On Mon, 6 Jan 2025, 18:23 Matheus Pimenta, ***@***.***> wrote: Have you considered using the source OCIRepository instead of Bucket? It is much safer and recommended, you can sign OCI artifacts using cosign and have Flux verify the signature in-cluster right before consuming the artifact. I'd personally try to avoid buckets as much as possible, — Reply to this email directly, view it on GitHub <#5131 (comment)>, or unsubscribe <https://github.com/notifications/unsubscribe-auth/ABQALPQN7VQIPKWSDEKK4232JJ4CZAVCNFSM6AAAAABUVPWSFSVHI2DSMVQWIX3LMV43URDJONRXK43TNFXW4Q3PNVWWK3TUHMYTCNZUHA2DMNA> . You are receiving this because you authored the thread.Message ID: ***@***.***>

9 replies

kgoutham93 Jan 7, 2025
Author

Hello Matheus, you are spot on :), the use case is to setup infrastructure dynamically depending on business events like new tenants, new subscriptions etc. These "platform" APIs, when invoked by "application" teams will create Kubernetes CRs which are reconciled by our custom controllers to dynamically setup/teardown the infrastructure. We are trying to globalize these platform APIs to enable businesses to issue new tenants/subscriptions across regions.

How do we use Flux?
We are building a globally available API and shove the CRs into multi-region S3 buckets. Our operators and flux will be installed in each Kubernetes cluster. We are experimenting with flux Bucket and Kustomization CRs to deploy our custom CRD instances into a specific target cluster. The platform API saves the manifests in cluster specific prefixes, and we restrict Bucket CR to only view/pull manifests belonging to the owning cluster.

kingdonb Jan 7, 2025
Collaborator

Yeah, I was suggesting that the CI process could be triggered after the API is done with its S3 PUT.

We use repository_dispatch actions on GitHub to allow arbitrary webhooks to trigger CI actions in Flux, there are some examples but not a particularly relevant one. The CI workflow would push to OCI.

It adds another layer of indirection and that may not be desirable, but it would provide for caching. I don't know how large these objects are, or if there are thousands of objects - maybe this still doesn't accomplish the goal with OCI. The OCI layers are cached but each artifact bundles all of the manifests into a single layer, .tgz file. So each new change will end up generating an entire new artifact, there won't be any savings or per-object caching.

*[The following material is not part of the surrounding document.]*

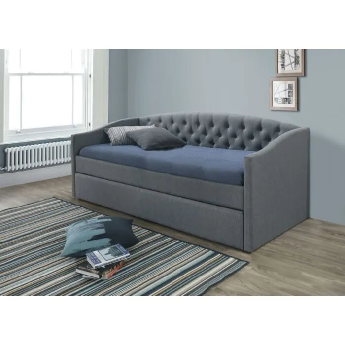 Moderna postelja CIARA vam bo zagotovila miren spanec. Njena prednost je dodatno ležišče (90 x 195 x 18). Je kvalitetno narejena, oblazinjena z sivim blagom. V ceno je vključen POSTELJNI POD.

If the goal is to cache individual objects so that only updated objects are fetched, I don't think that any Flux source supports this today.

stefanprodan Jan 7, 2025
Maintainer

Thousands of Kubernetes objects in YAML format are noting in terms of size, the OCI artifact is a tar.gz we are talking about couple of Mb tops.

stefanprodan Jan 7, 2025
Maintainer

@kgoutham93 If multi-tenancy is a factor here, then having a dedicated OCIRepository per tenant makes way more sense than storing all things in a single bucket IMO. You could use the same registry and have some convention for tags, encoding the tenant name/id would suffice. Instead of an S3 PUT you would run flux push artifact registry/manifests:tenant1.

Answer selected by kgoutham93

kgoutham93 Jan 8, 2025
Author

Thanks for the suggestions @kingdonb and @stefanprodan

I will checkout OCIRepository. My understanding is as OCIRepository is much fine-grained unit compared to Bucket, only the ones with updated shas are pulled. But then again I have to create the OCIRepository CRs dynamically.

If the goal is to cache individual objects so that only updated objects are fetched, I don't think that any Flux source supports this today.

I see the cache package referenced in HelmRepository source. Am I missing something? EDIT I see, we are only caching the Helm repo index. The repo contents (I am assuming) are downloaded everytime something within the helm repo gets updated!

matheuscscp Jan 8, 2025
Maintainer

Maybe use a Bucket+Kustomization object pair to deploy OCIRepository + Kustomization/HelmRelease object pairs, maybe that reduces the scale of what you need to shove into the s3 bucket. But yes you'd still need to build the OCI artifacts the OCIRepository objects refer to somewhere, you can do that in your API as well (before publishing an object pair in the bucket).

stefanprodan Jan 8, 2025
Maintainer

But then again I have to create the OCIRepository CRs dynamically.

It's the same as the Bucket you use now. Instead of source Bucket, you would have source OCIRepository, and instead of using prefix you would use a tag.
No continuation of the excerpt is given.